# 5000 Heater Core



## Mr. Sleeper (Jul 6, 2004)

I've waited all summer and winter is coming. How do I do this thing? Do I have to come in from the dash or the rain tray.... It looks like from the rain tray it's sealed or soemthing... I know this is gonna suck... any help or suggestions? THanks a lot!


----------



## jetta5000 (Jul 18, 2006)

*Re: 5000 Heater Core (Mr. Sleeper)*

yes, you do go out thru the rain tray and yes it is a pain in the ass. be careful taking out the tray, the old plastic cracks if you look at it the wrong way. the fan/heater core housing is a little smaller than a home air conditioner and has to come out as an entire unit which just barely squeezes between the windshield and the firewall. when we did it on my first 5000 it took three of us at least 4 hours to do it and the two helping me had done it before. when you take apart the housing to get to the heater core take care to note the position of all the parts taken out. also be absolutly certain you have all of the fasteners out of the housing before prying it apart, there are a couple screws which are very hard to find.
and if you don't already have one the bently manual is expensive but indispensable tool for, well just about any involved job on these cars. 

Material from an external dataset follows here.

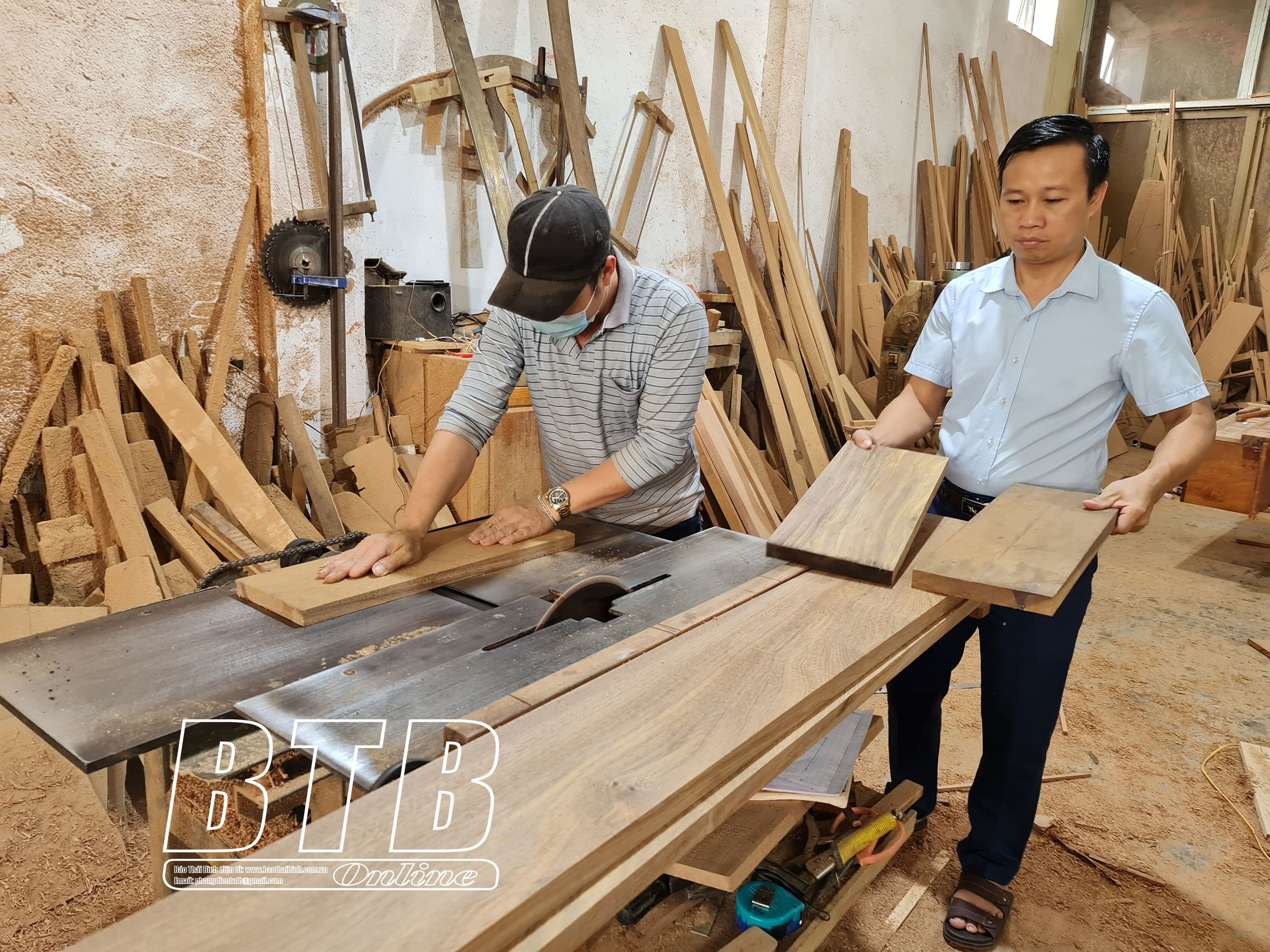 Đồ gỗ cũng làm một trong những ngành hàng thế mạnh của Việt Nam có thể đẩy mạnh xuất khẩu hiện nay. Trong ảnh: Sản xuất tại Công ty TNHH Đồ gỗ mỹ nghệ Khởi Tiếp, cụm công nghiệp Nguyên Xá, huyện Vũ Thư.

_Modified by jetta5000 at 5:11 PM 9-25-2006_


_Modified by jetta5000 at 5:12 PM 9-25-2006_


----------



## Mr. Sleeper (Jul 6, 2004)

*Re: 5000 Heater Core (jetta5000)*

Well, I got it done... thank god. Everythign works... THis is the link I used...
http://members.aol.com/c1j1mil...lower
It worked well. Best tip ever:
Get a shovel and place it from one strut to the other, use a rope and wrap it around the shovel handle and both sides of the heater box. Use one person inside pushing with thier feet and the other person using the shovel as a pry bar.... I got it done pretty quick. 
I had to take off the hood and all the windshield wiper assembly to make it easy but oh well.... I hope i never have to do that again.


----------



## jetta5000 (Jul 18, 2006)

*Re: 5000 Heater Core (Mr. Sleeper)*

neat shovel trick. you have way more balls than i do... prying things in my 5000 always makes me nervous.


----------